Sometimes the cost is money, but it can be public approval when we stand with Jesus
against hatred. What gets cut may be our discretionary time when we give to others. The
hard edge of these words is that discipleship demands that nothing, absolutely nothing,
can be more important than following where Jesus leads. The question which this text
poses, the one which is every bit as troubling as contemplating literal mutilation, is
“What am I being called to cut out of my life, to sacrifice, in order that I may follow
Jesus more faithfully?”
Graciousness toward those outside our narrow community, a demanding call to sacrifice
whatever is necessary, both are found in today’s text. Is there a way to bring these two
teachings together. It seems to me that our third section unifies the other two: “Salt is
good, but if salt has lost its saltiness, how can you season it? Have salt in yourselves, and
be at peace with one another.”
Be salty, says Jesus. Salt, like any good metaphor, can mean a variety of things, but at
the very least it suggests being distinctive, standing for something. Nothing is as useless
as salt which has no taste, salt which makes no difference when it’s sprinkled on food.
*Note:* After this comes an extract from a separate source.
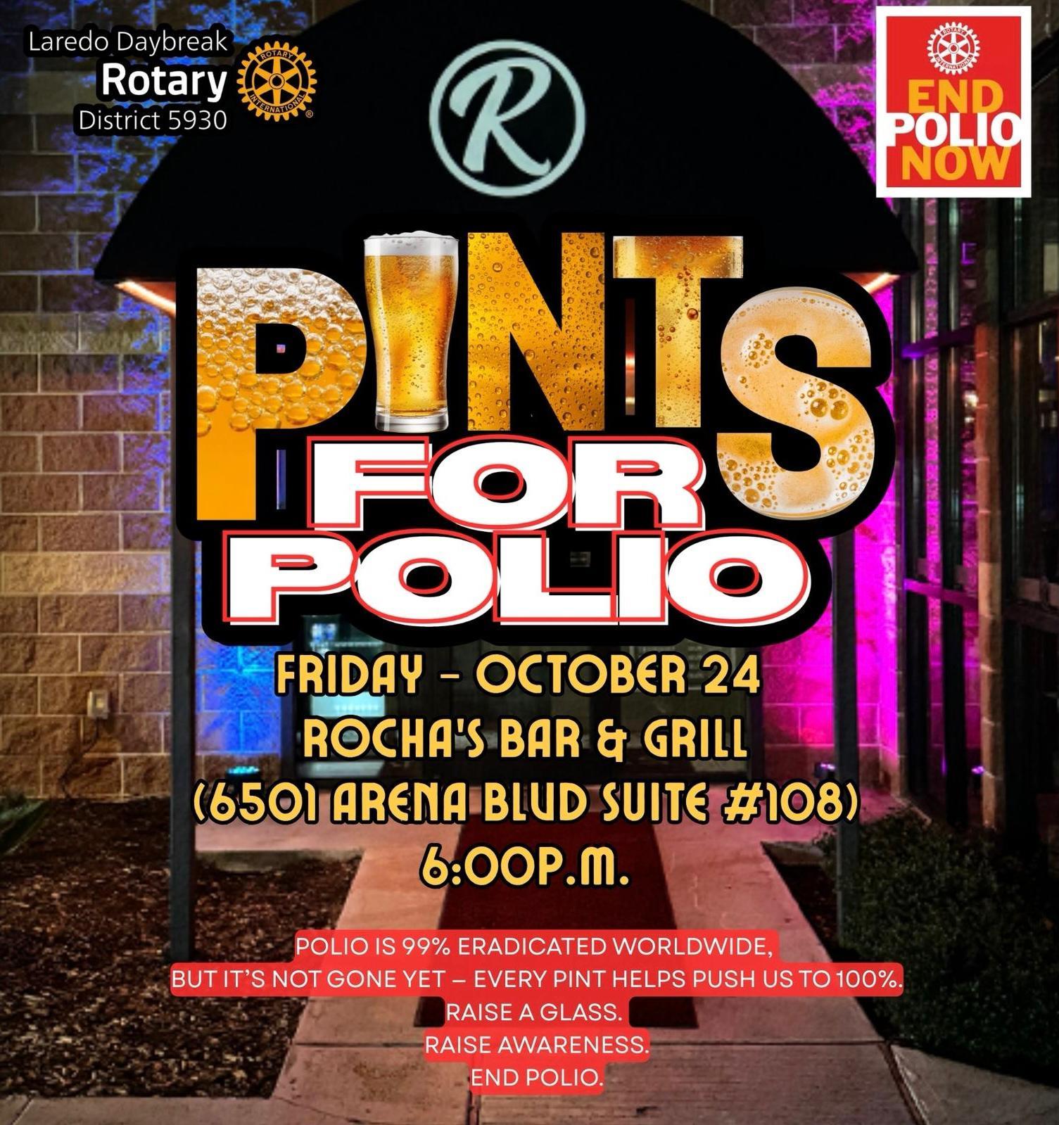 The Laredo Daybreak Rotary Club hosted a Pints for Polio event at Rocha's Bar & Grill on Friday, October 24, 2025.

Jesus does not go to the trouble of gathering a community so that it can be a mirror of the
surrounding culture. Like salt in the soup, folks should notice our presence.
Some would say that the great problem of Christians in our society is that they are
distinctive—but distinctive for the wrong things. Ask many young adults what is
distinctive about Christians and they will say we are distinctive for our opposition to
science, our nostalgia for a mythical golden age when everyone went to church, our
bunker mentality in the face of a changing world. It may not be fair, but that is the
perception, that we are distinctive in what we oppose.
The saltiness to which Jesus calls us is the distinctiveness of loving when it is easier to
hate, of seeking reconciliation wherever there is conflict, of standing for those who have
no voice. People should notice that we are different, but not so much because of our
passionate belief that we are right, but because we are committed to being people of
peace in a world too often driven by fear and anger.
This is how our three lessons come together—these words about a nameless exorcist,
amputation, and saltiness. We are called to be both gracious and distinctive. We are
single-minded, but single-mindedly committed to expanding the gentle reach of the one
we confess as Lord. Wherever we discern the love which Jesus embodies making a
difference we rejoice and give thanks for the expansive reach of God.
French theologian Jacques Ellul articulates the complex challenge we have to be both
distinctive and gracious, “Christians were never meant to be normal. We’ve always been
holy troublemakers, we’ve always been creators of uncertainty, agents of a dimension
that’s incompatible with the status quo; we do not accept the world as it is, but we insist
on the world becoming the way that God wants it to be. And the Kingdom of God is
different from the patterns of this world.”
Like Jesus’ disciples long ago, trudging toward Jerusalem, we are on a journey with
Jesus. This week may we hear loud and clear our marching orders which call us to both
courage and gentleness: “Have salt in yourselves and be at peace with one another.”